Several studies have documented water quality problems due to diffuse agricultural runoff. This runoff contains nutrients, pesticides, soil particles, and microbes [12,13]. The use of nutrients in agriculture results in increased crop yields but creates a risk of nutrient leakage to the surrounding environment, which can cause environmental problems. The processes of diffuse pollution include surface runoff and erosion, spray-drift, leaching, from sources such as atmospheric deposition and atmospheric transport of wind eroded soil.

The water quality is poor in European streams [14], even though the average nitrate and phosphorus concentrations have decreased from 2.8 to 2.1 mg N/L and from 0.133 to 0.055 mg P/L from 1992 to 2012. These decreases reflect both improvements in wastewater treatment and the introduction of measures to reduce nutrient runoff by national and European legislation [15]. In Denmark, point source discharge of nitrogen, phosphorus, and organic matter have been reduced by 75%, 85%, and 87%, respectively, since 1989 [16].

Stream quality is monitored using different methods around the world. In Canada, the watershed land use is studied using spatial scales and the Index of Biotic Integrity (IBI) [17]. In the U.S., the United States Geological Survey (USGS) method has been used since 1995. The annual mass flux is estimated, and source and sink areas for constituents are identified and used to estimate the loadings to receiving waters. Regression models are used to interpolate between observations [18]. In China, stream quality is monitored by analyzing water samples for physico-chemical variables. Statistical methods are used to determine water quality [19]. A method for routine monitoring of water quality has also been developed in Europe with respect to European Union legislation [20].

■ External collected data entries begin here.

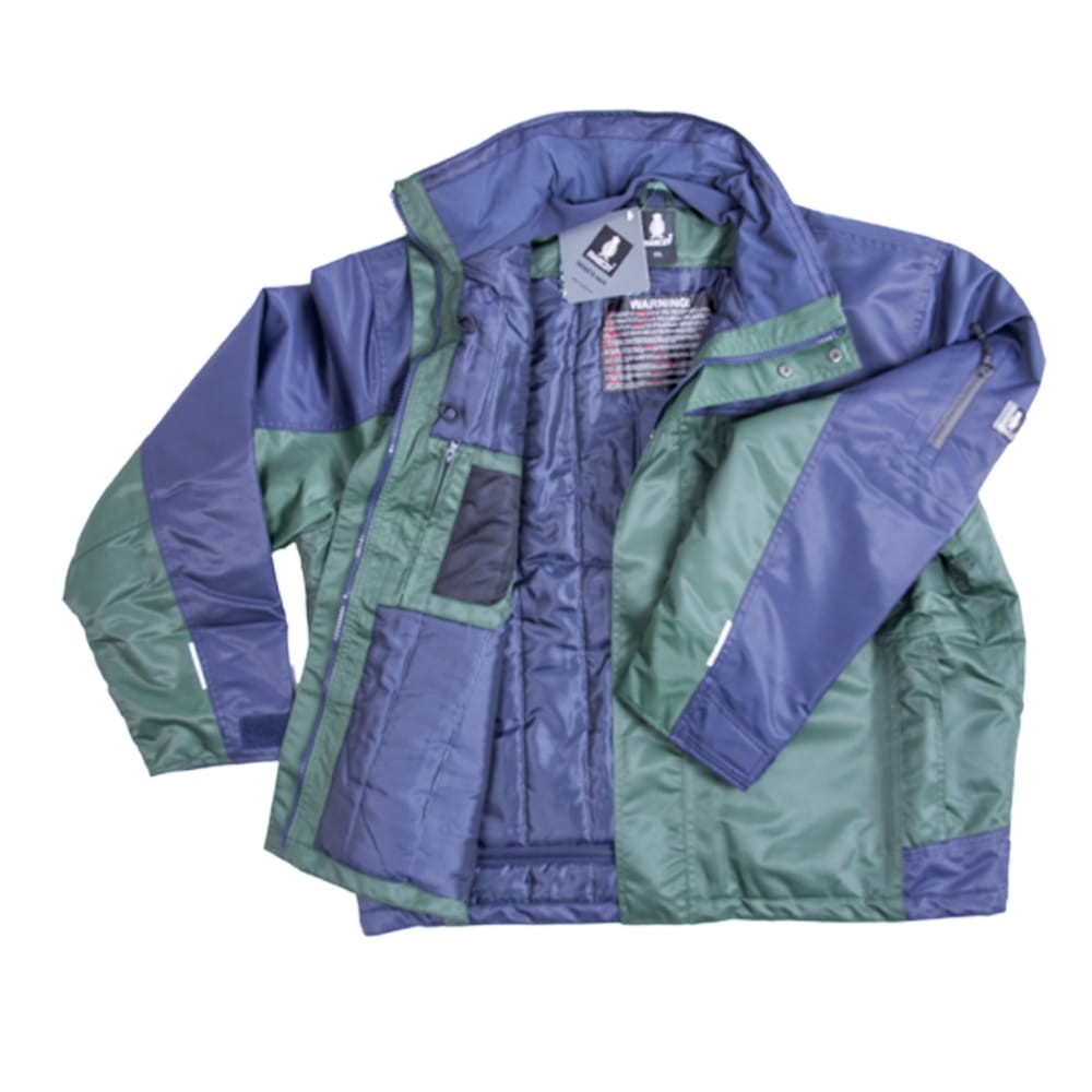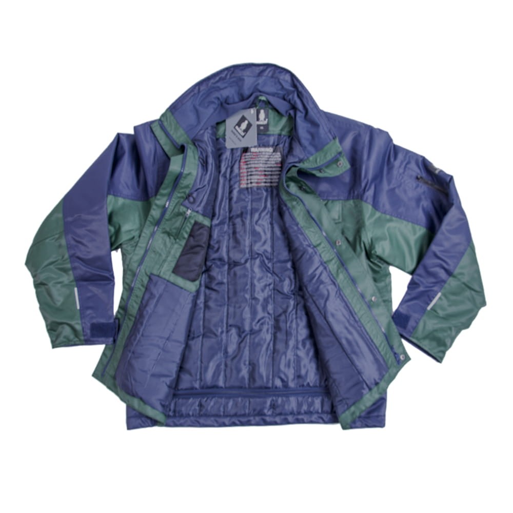 Zielono granatowa kurtka MASCOT GENOVA została uszyta przez duńską firmę MASCOT, specjalizującą się w produkcji doskonałej jakości odzieży roboczej. Posiada właściwości oddychające, wiatro- i wodoodporne. Ergonomiczny krój rękawów zapewnia dużą swobodę w poruszaniu się. Dzięki zastosowaniu pasków refleksyjnych uzyskana jest dodatkowa widoczność dla otoczenia. Posiada podklejane szwy i pikowaną podszewkę.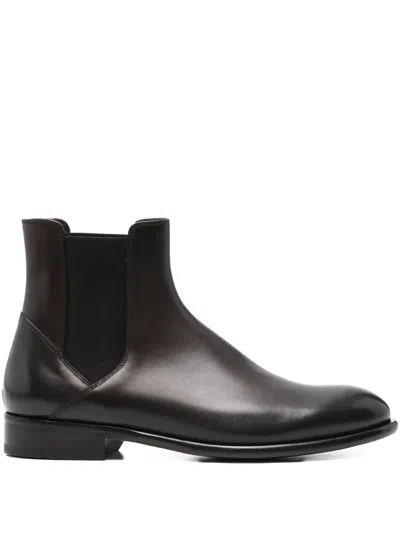 DOUCAL'S Elastic-panel Leather Boots In Brown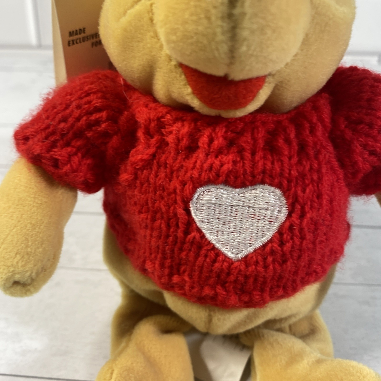 Disney Store Bean Bag 8 Inch Plush Winnie The Pooh Red Valentine Heart Sweater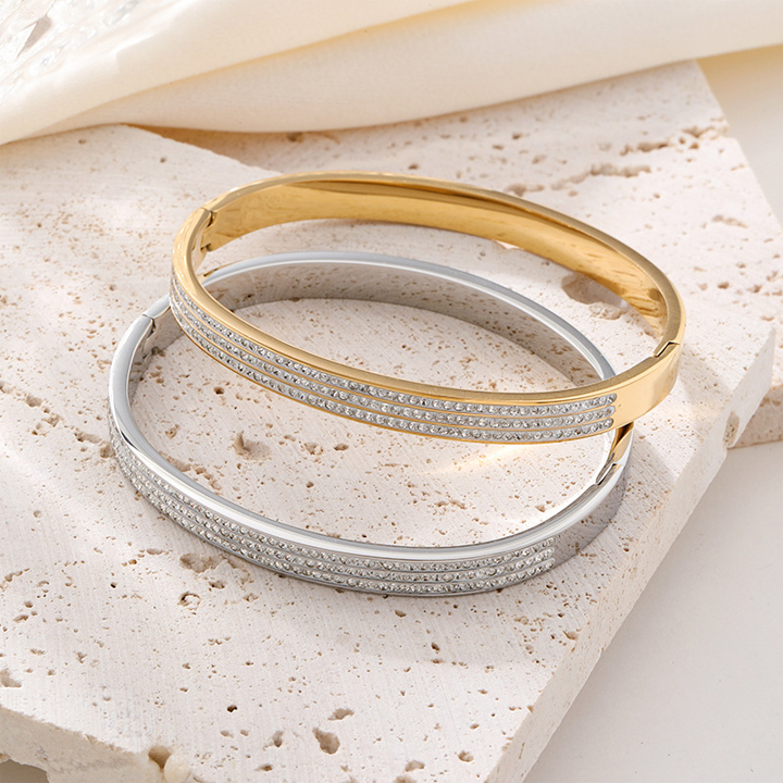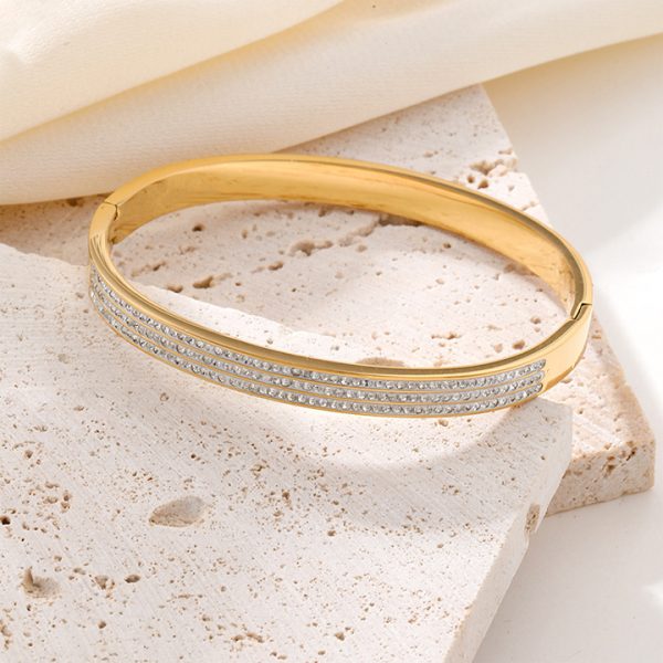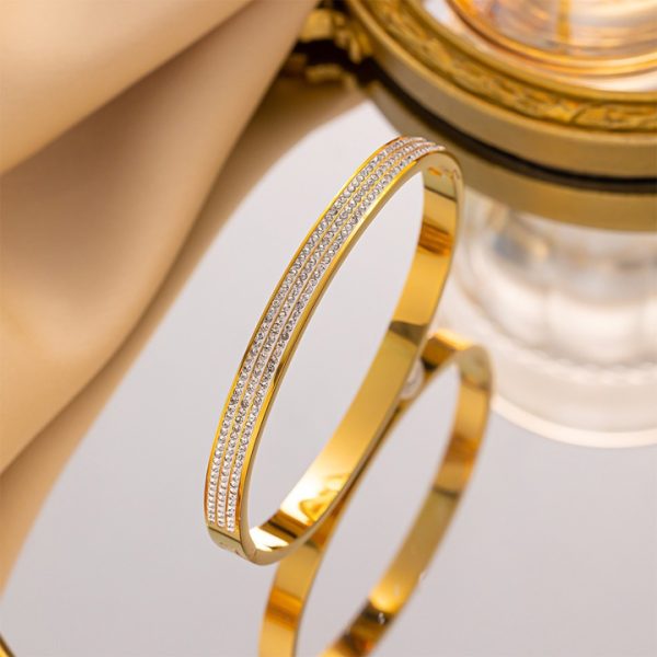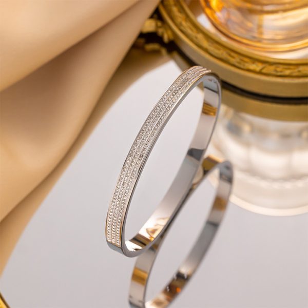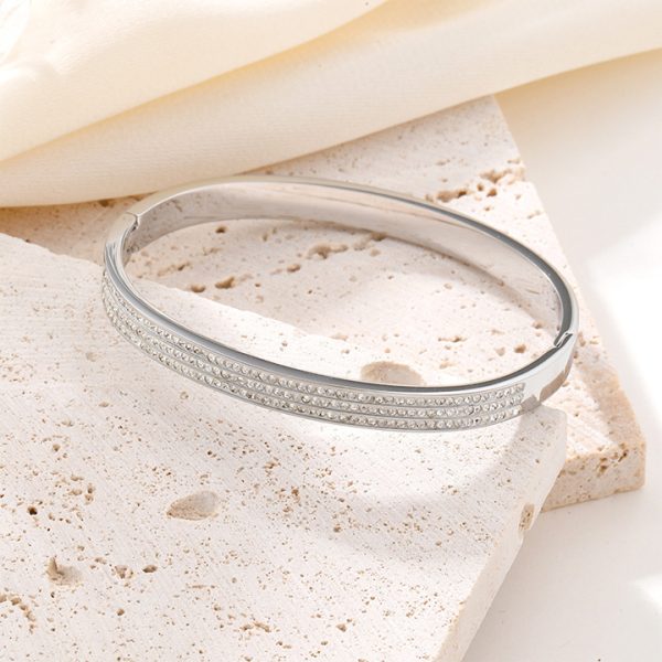 TV147 Vòng tay inox titan thời trang 3 hàng đá kim cương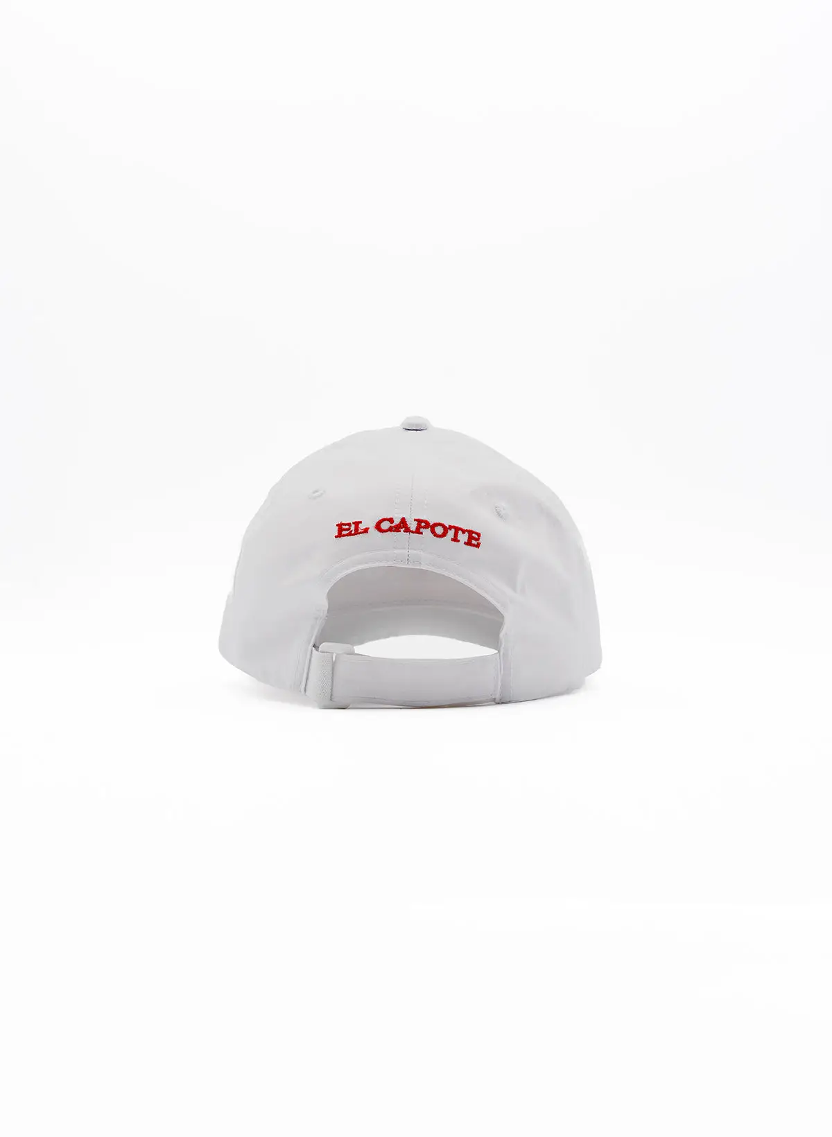 Gorra blanca con bordado de El Capote en hilo rojo y borde de hilo amarillo en el frente. ¡Perfecta para hacer deporte! Esta gorra está diseñada para protegerte del sol durante tus partidas de golf, tenis, pádel o para ir en barco o en la playa!!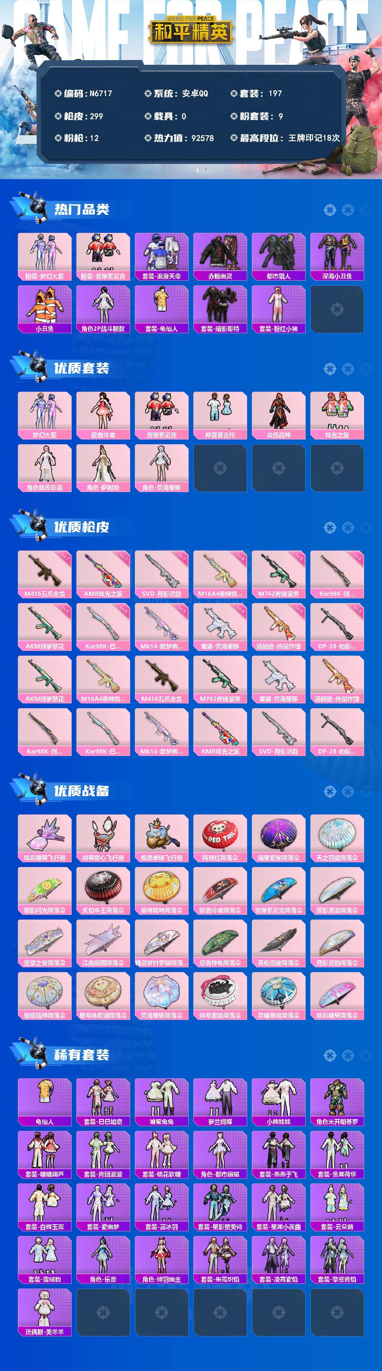 安卓 手Q-9粉装-12特效枪-0载具-3粉色飞行器-92578热力值-18王牌印记-197套装-299枪皮
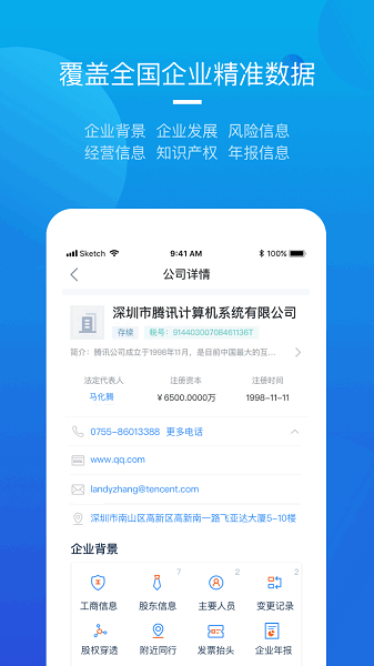 1、企业背景:工商信息、股东信息、懂事监事人员信息、企业变更记录、股权穿透图、附近同行企业信息、发票信息、地址、联系电话;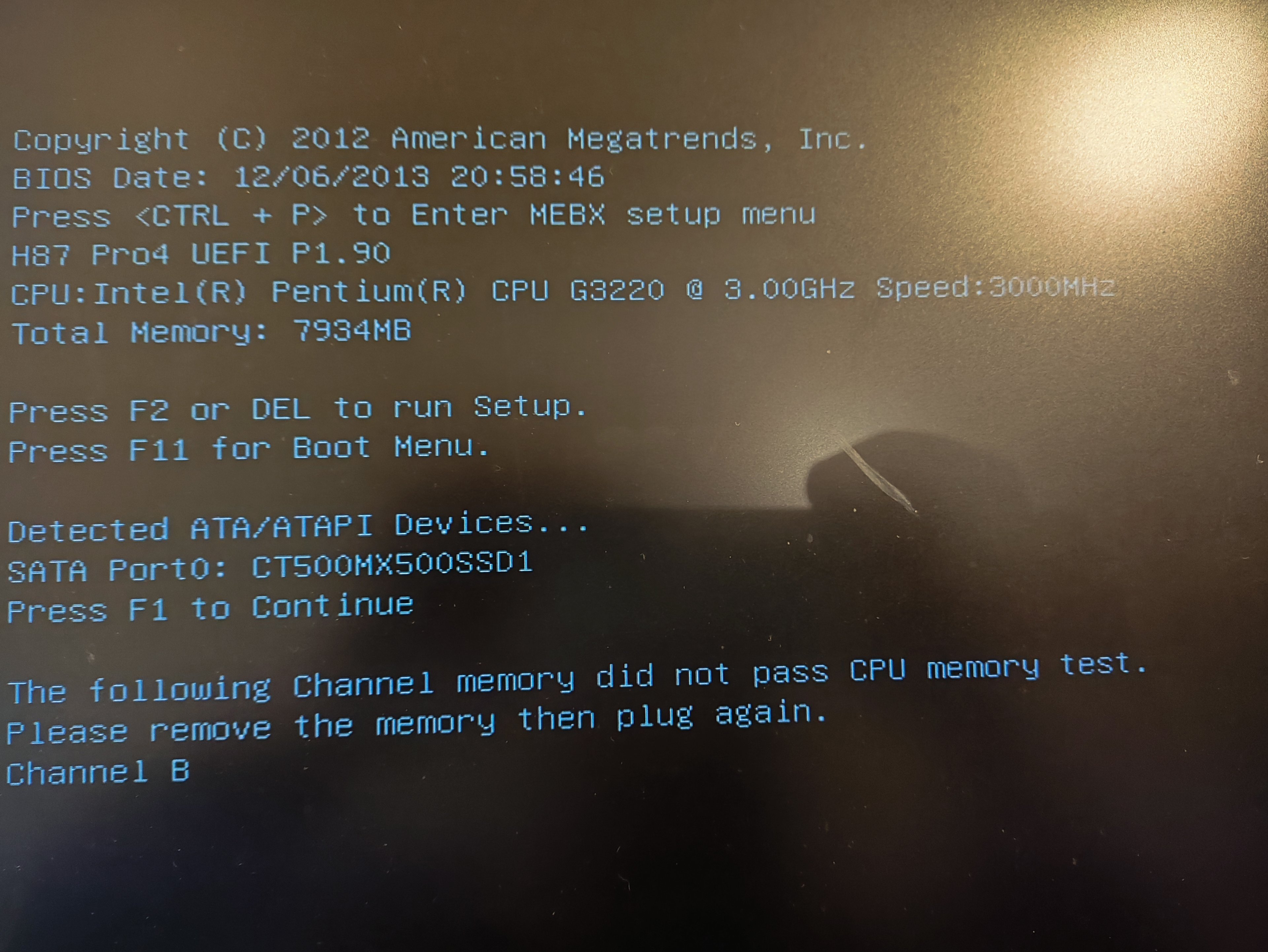 Auf dem Monitor stand: "The following Channel memory did not pass CPU memory test. Please remove the memory then plug again. Channel B"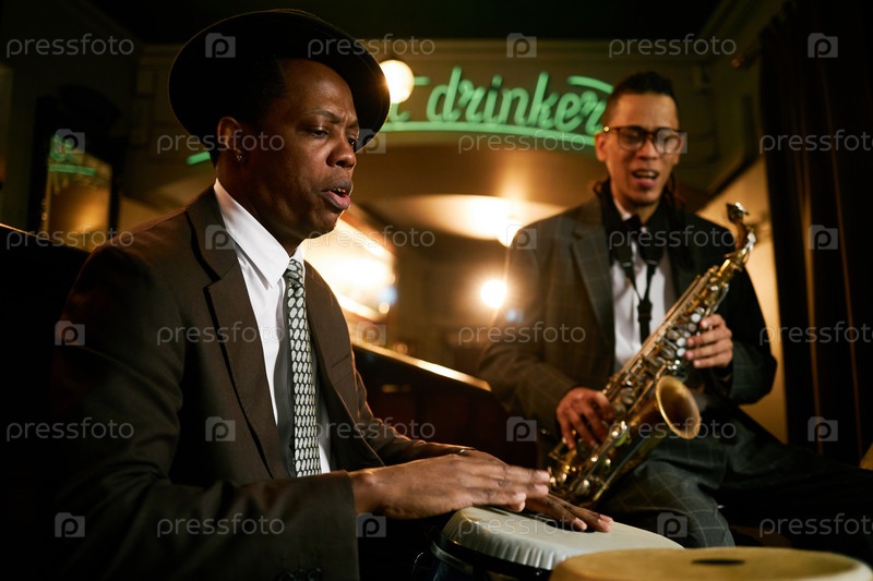 Черный мужской барабанщик выступает с группой в джазовом клубе играя на конга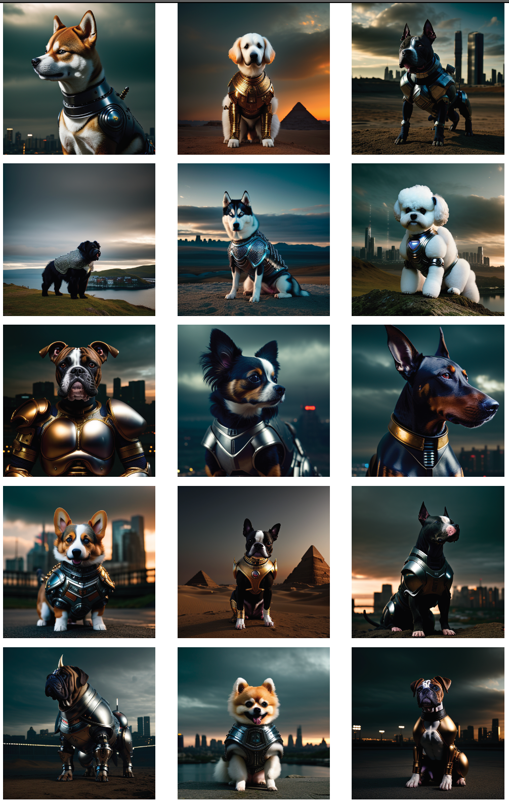Cyborg Shiba Inu and friends ready for battle...so cute it hurts. A full set includes fifteen of these little cuties.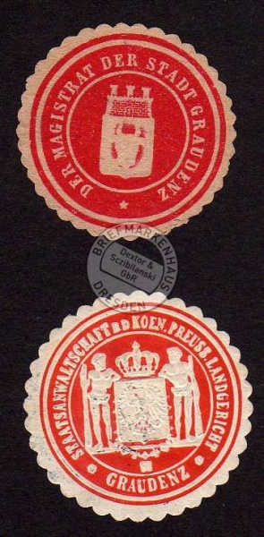 2 Vignetten Graudenz Grudziadz Magistrat Staatsanwaltschaft Landgericht, gelaufen

In Denmark, a national stream fauna index (Danish water fauna index (DFVI), based on invertebrates) is used to describe ecological quality [21,22]. The index ranges from one to seven, where seven represents the best ecological quality. The environmental requirement for good ecological condition is met at DVFI 5 or higher, according to the requirements of the European Water Framework Directive. A natural meandering stream will usually fall within these categories. Low DVFI values (1–4) are often found in streams with poor oxygen conditions and in straightened, dredged streams or those exposed to rough weed cutting. The Danish Physical Index (DFI) consolidates the biological results, by describing the physical quality of the watercourse. The index is based on parameters describing the physical condition in and around the stream [22]. Approximately 22,000 km of Danish streams have environmental objectives to obtain good ecological status and only 28% meet the requirement currently according to the Danish Water Management Plans 2015-2021.

Since nutrient discharge to surface water is driven by different types of land use, there is a need to determine the relationship between land use and chemical and ecological water quality. According to Kronvang et al. [23], a comparison of the annual median loss of total nitrogen and phosphorus to streams from agricultural and undisturbed catchments in Denmark showed a loss of nitrogen and phosphorus (weight ratio = 14:1 for total nitrogen and 4:1 for total phosphorus). Paul and Meyer [24] found that runoff from urbanized surfaces and industrial and municipal discharges result in increased loadings of nutrients, pesticides, metals, and other contaminants to streams, which can lead to declined invertebrates and fish richness in urban streams.

In this study, a large dataset of catchments and streams of varying ecological quality was examined using a geographic information system (GIS) to establish correlations between land use type and the quality of the receiving waters. The goal was to identify possible relationships between stream quality and land use in the catchment to improve tools for stream management. The examined catchment areas are representative for large parts of Europe. The parameters considered include topography, land use, water quality, and type of sewer outlet/overflow.

2. Materials and Methods

The study was conducted across the total area of the Municipality Aabenraa in the Southeastern part of Denmark (Figure 1A). The municipality is the ninth largest in Denmark (937 km², 59,000 inhabitants). The area is characterized by varying soil composition. In west, soil is very sandy and in the east, it is moraine clay due to the Weichsel glaciation. Therefore, the studied streams were divided into east-flowing and west-flowing (Figure 1B). The east-flowing streams have steeper watercourses (0–25‰) than the west-flowing streams (0–2‰).

All available data regarding catchment types, streams quality, and stormwater handling in the studied area were collected [25,26]. The local utility company Arwos (Aabenraa, Denmark) provided all technical data and maps concerning urban stormwater outlets. Monitoring data from continuously measured stream stations included in the national monitoring program and regional data were also used. The following data were included in the GIS study: 1672 stream stretches, each with data from a specific stream station. Of these, 468 stations had fauna class measurements (DVFI). In total, 1387 DVFI measurements were included. Physical state (DFI) was available from 499 stations. The stream stations are evenly distributed in the area, represented as black dots in Figure 1B. GIS themes with information about stormwater outlet locations in the streams were divided into wastewater overflows from combined sewers (77) and outlets from separate sewers (319), and location of stormwater ponds (110) and water quality parameters were included [25,26]. GIS themes with information about catchment areas and land use (divided into “nature”, which covers moors, meadows, coastal meadows, commons, heaths, lakes, and streams; “forest”, which covers conifer trees and deciduous trees; “urban areas”; “freshwater”; and “agriculture”) as well as location of stormwater outlets and sewage catchment areas (622 stations) were constructed. Finally, scattered houses in the studied area (3837 properties) were also included in a theme.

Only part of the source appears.